Thank you for the opportunity to provide testimony on Michigan Senate Bills 165-167, which propose significant changes to the Michigan State Employees’ Retirement System, SERS, and State Police Retirement System. These bills would dramatically increase costs for specific employee groups, including corrections officers, by removing new hires from the SERS defined contribution (DC) retirement plan and placing them in the hybrid pension plan currently available to state police officers. Additionally, the bills would allow current SERS employees to purchase years of service credit in the state police defined benefit plan, up to the total years they have contributed to SERS.
Fiscal impacts
Defined benefit pensions rely on several actuarial assumptions to be accurate. If they aren’t, unfunded liabilities begin to accumulate. As of today, Michigan still has $49 billion worth of unfunded pension liabilities to pay off. With that amount of debt still left to pay off, it was surprising to see these bills pass the Senate without a single study on potential cost impacts. Only a single sentence in the three-page fiscal note mentioned potential risks. It stated:
“Other unfunded liabilities could accrue in the future if actual conditions failed to meet actuarial assumptions … but future liabilities are not known, assumed, or calculated in this analysis.”

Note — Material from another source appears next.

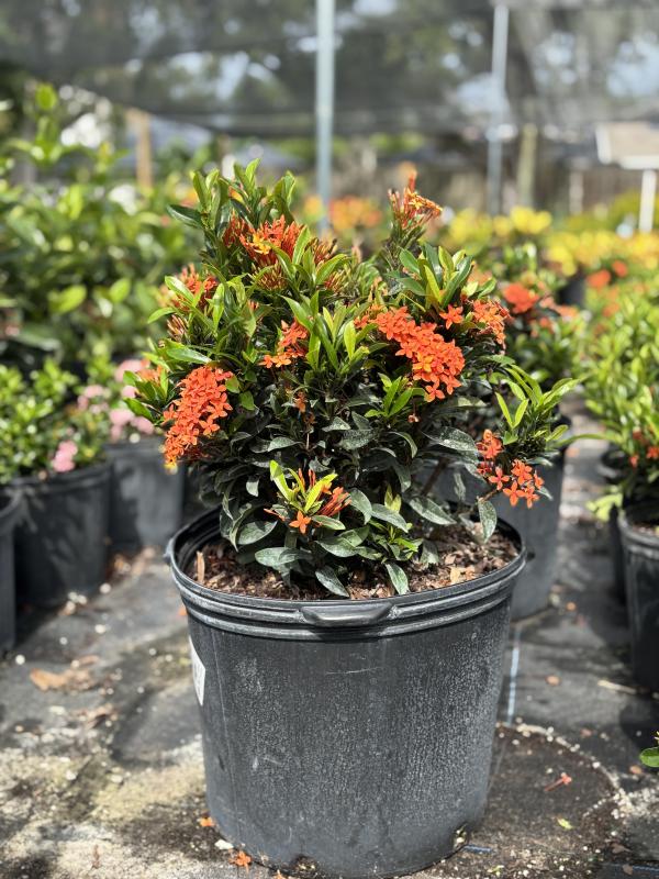Dwarf Carmen Orange Ixora (Ixora chinensis 'Dwarf Carmen Orange') is a compact tropical shrub known for its vibrant clusters of bright orange, star-shaped flowers and glossy, dark green foliage. This evergreen plant is ideal for adding a splash of color to smaller gardens, borders, and containers, with its abundant blooms providing visual interest throughout much of the year.

As a pension proposal of this magnitude will require generations of employers and taxpayers to pay for benefits, the evaluation of this legislation is required to be better than “not known, assumed, or calculated.” Therefore, we built our own actuarial model to study the long-term costs of this proposal, and the results show that this pension swap would have a major impact on both required employer contributions and the funded status of the state police pension system.

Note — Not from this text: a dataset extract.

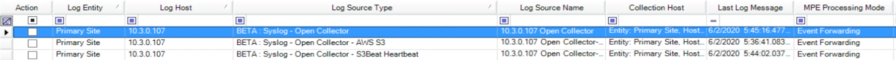 The Open Collector sends the output of every Beat to the Agent in a single syslog stream. The parent log source is a generic type: "Syslog - Open Collector." A log source virtualization template included with the LogRhythm Knowledge Base (KB) creates child log sources for each beat.

Under a best-case scenario, where 100% of plan assumptions are met 100% of the time, the additional cost of this pension proposal would be just north of $800 million over the next 30 years. Because assumptions are never met 100% of the time, it’s important to look at what would happen under a scenario with more realistic investment returns. If the next 30 years of investment experience matched the previous 30, with multiple major market losses, this proposal could cost up to $1.85 billion.
Recruitment and retention
While proponents of these bills suggest that shifting these employee groups to the state police pension plan will improve staffing levels, we have yet to see experience play out in other states that show one retirement plan design is better than another for overall recruitment and retention. It is also important to recognize that, based on most non-partisan surveys of employees, today’s workforce increasingly values and needs portability and flexibility in retirement benefits. Therefore, we have strongly advocated for at least offering an optional defined contribution plan to new employees because it would align more closely with the career mobility patterns of modern employees. Unfortunately, that option would be completely removed for all new employees covered by these bills because the SERS DC plan would be closed to new entrants.
States like Michigan that have moved toward offering portable plans to public employees have seen improvements in long-term fiscal stability while still offering robust retirement benefits. Enhancing the existing DC plan with targeted longevity bonuses, rather than reverting to a legacy DB system with unknown future costs, could achieve the same recruitment and retention goals without laying “not known” costs on taxpayers and jeopardizing the state’s financial health.